## TASK BRIEF
Among the lines below, take the one holding "Parti yönetimini ağır", the one holding "簡単に折りたためて、ご自身の", and all lines between them. Set them down exactly.

## TASK DATA
____________________
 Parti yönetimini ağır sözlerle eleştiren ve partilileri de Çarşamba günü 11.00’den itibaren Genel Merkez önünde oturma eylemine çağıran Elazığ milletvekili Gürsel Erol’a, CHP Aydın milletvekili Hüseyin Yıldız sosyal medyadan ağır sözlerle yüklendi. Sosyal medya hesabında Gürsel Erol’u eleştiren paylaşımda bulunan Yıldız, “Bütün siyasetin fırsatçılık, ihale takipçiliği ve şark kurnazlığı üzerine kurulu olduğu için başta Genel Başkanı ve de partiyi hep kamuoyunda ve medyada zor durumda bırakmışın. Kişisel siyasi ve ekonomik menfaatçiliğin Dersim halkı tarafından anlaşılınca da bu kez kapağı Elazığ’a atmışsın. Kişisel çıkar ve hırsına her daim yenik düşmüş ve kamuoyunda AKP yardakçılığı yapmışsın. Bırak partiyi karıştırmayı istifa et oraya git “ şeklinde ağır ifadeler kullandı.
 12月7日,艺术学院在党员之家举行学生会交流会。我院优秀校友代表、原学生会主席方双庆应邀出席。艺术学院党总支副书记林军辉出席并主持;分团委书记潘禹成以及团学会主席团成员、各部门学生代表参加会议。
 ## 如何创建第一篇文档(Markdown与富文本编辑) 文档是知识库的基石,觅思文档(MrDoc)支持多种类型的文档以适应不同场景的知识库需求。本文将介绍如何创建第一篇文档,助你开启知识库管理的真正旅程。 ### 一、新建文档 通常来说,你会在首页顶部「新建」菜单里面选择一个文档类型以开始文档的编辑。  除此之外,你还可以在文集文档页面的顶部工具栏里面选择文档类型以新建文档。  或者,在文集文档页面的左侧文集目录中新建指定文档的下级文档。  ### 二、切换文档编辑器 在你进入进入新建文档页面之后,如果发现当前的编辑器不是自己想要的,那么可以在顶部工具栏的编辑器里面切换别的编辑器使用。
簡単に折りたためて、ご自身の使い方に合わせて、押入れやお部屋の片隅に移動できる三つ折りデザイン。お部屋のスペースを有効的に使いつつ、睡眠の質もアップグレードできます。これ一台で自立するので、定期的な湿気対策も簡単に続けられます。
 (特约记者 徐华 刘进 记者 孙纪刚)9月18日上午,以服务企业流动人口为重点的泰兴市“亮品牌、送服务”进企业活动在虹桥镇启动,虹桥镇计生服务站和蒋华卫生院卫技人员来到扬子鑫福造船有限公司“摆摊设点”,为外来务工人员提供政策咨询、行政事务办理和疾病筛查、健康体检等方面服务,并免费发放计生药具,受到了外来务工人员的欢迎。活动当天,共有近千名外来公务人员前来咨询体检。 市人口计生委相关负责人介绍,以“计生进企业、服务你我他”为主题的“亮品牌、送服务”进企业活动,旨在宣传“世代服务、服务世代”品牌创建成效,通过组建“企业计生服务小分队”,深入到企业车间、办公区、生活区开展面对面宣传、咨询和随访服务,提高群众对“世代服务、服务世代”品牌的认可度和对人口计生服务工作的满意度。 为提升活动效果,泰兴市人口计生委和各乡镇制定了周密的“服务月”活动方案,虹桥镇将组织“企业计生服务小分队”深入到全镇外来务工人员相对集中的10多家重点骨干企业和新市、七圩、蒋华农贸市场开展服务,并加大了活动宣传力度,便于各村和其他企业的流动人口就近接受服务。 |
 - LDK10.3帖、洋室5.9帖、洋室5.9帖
____________________
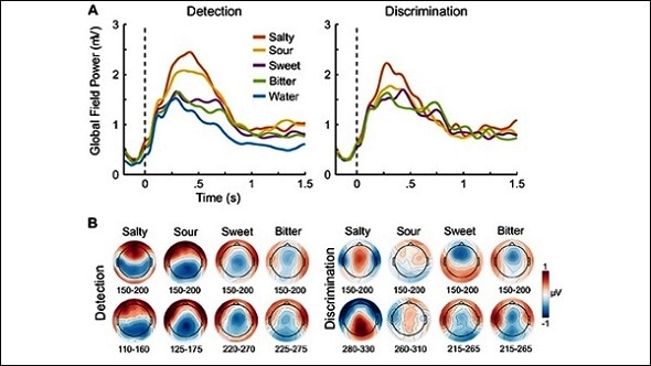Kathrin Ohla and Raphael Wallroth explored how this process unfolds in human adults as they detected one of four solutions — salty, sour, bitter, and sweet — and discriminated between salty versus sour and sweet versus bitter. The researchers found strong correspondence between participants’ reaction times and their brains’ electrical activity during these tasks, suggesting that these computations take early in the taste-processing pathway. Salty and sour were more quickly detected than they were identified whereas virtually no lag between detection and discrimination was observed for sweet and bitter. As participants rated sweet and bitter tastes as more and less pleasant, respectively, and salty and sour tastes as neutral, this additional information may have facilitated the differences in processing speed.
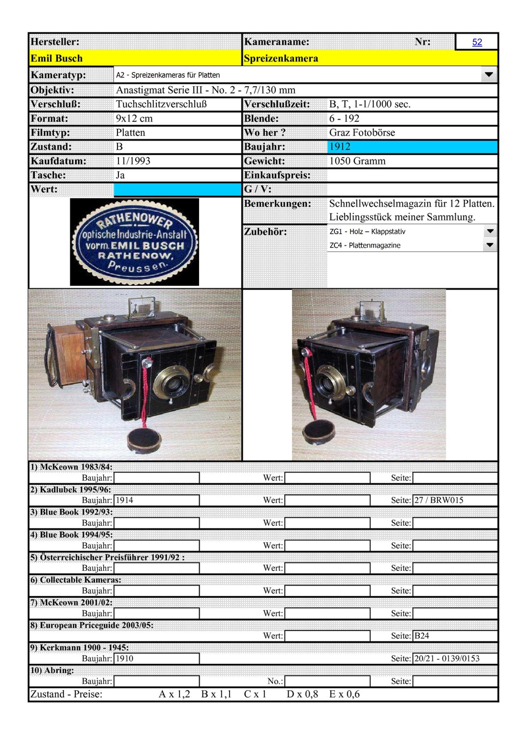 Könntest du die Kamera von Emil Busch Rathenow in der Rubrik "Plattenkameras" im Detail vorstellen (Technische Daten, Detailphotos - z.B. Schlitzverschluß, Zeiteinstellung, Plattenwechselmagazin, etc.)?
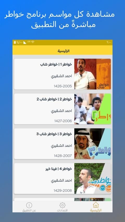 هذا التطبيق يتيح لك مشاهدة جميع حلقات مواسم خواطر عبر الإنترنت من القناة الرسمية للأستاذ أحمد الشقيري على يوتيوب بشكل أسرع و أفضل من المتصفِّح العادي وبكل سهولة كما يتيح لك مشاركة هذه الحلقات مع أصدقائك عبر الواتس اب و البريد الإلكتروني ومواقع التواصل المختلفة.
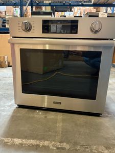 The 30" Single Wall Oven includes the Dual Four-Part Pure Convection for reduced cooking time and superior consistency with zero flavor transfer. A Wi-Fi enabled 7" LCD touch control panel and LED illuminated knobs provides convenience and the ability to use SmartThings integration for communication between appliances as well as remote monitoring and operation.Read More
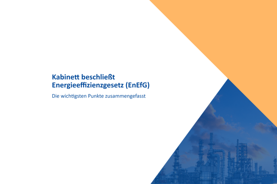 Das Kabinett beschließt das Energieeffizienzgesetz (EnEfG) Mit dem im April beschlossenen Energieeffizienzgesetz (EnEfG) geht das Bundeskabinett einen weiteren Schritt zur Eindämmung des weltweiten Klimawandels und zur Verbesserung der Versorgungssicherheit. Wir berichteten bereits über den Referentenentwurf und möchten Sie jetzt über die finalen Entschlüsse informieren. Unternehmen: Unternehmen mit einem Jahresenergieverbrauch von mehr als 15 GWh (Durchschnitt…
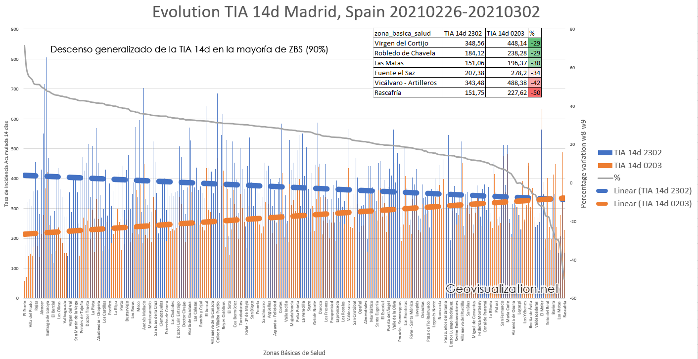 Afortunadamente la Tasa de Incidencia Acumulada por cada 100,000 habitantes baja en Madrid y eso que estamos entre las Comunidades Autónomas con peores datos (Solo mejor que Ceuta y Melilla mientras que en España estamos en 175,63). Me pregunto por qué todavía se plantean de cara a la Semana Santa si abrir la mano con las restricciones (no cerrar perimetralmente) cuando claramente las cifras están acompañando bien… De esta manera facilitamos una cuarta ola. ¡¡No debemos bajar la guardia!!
____________________
## FINISHED EXERCISE
 Parti yönetimini ağır sözlerle eleştiren ve partilileri de Çarşamba günü 11.00’den itibaren Genel Merkez önünde oturma eylemine çağıran Elazığ milletvekili Gürsel Erol’a, CHP Aydın milletvekili Hüseyin Yıldız sosyal medyadan ağır sözlerle yüklendi. Sosyal medya hesabında Gürsel Erol’u eleştiren paylaşımda bulunan Yıldız, “Bütün siyasetin fırsatçılık, ihale takipçiliği ve şark kurnazlığı üzerine kurulu olduğu için başta Genel Başkanı ve de partiyi hep kamuoyunda ve medyada zor durumda bırakmışın. Kişisel siyasi ve ekonomik menfaatçiliğin Dersim halkı tarafından anlaşılınca da bu kez kapağı Elazığ’a atmışsın. Kişisel çıkar ve hırsına her daim yenik düşmüş ve kamuoyunda AKP yardakçılığı yapmışsın. Bırak partiyi karıştırmayı istifa et oraya git “ şeklinde ağır ifadeler kullandı.
 12月7日,艺术学院在党员之家举行学生会交流会。我院优秀校友代表、原学生会主席方双庆应邀出席。艺术学院党总支副书记林军辉出席并主持;分团委书记潘禹成以及团学会主席团成员、各部门学生代表参加会议。
 ## 如何创建第一篇文档(Markdown与富文本编辑) 文档是知识库的基石,觅思文档(MrDoc)支持多种类型的文档以适应不同场景的知识库需求。本文将介绍如何创建第一篇文档,助你开启知识库管理的真正旅程。 ### 一、新建文档 通常来说,你会在首页顶部「新建」菜单里面选择一个文档类型以开始文档的编辑。  除此之外,你还可以在文集文档页面的顶部工具栏里面选择文档类型以新建文档。  或者,在文集文档页面的左侧文集目录中新建指定文档的下级文档。  ### 二、切换文档编辑器 在你进入进入新建文档页面之后,如果发现当前的编辑器不是自己想要的,那么可以在顶部工具栏的编辑器里面切换别的编辑器使用。
簡単に折りたためて、ご自身の使い方に合わせて、押入れやお部屋の片隅に移動できる三つ折りデザイン。お部屋のスペースを有効的に使いつつ、睡眠の質もアップグレードできます。これ一台で自立するので、定期的な湿気対策も簡単に続けられます。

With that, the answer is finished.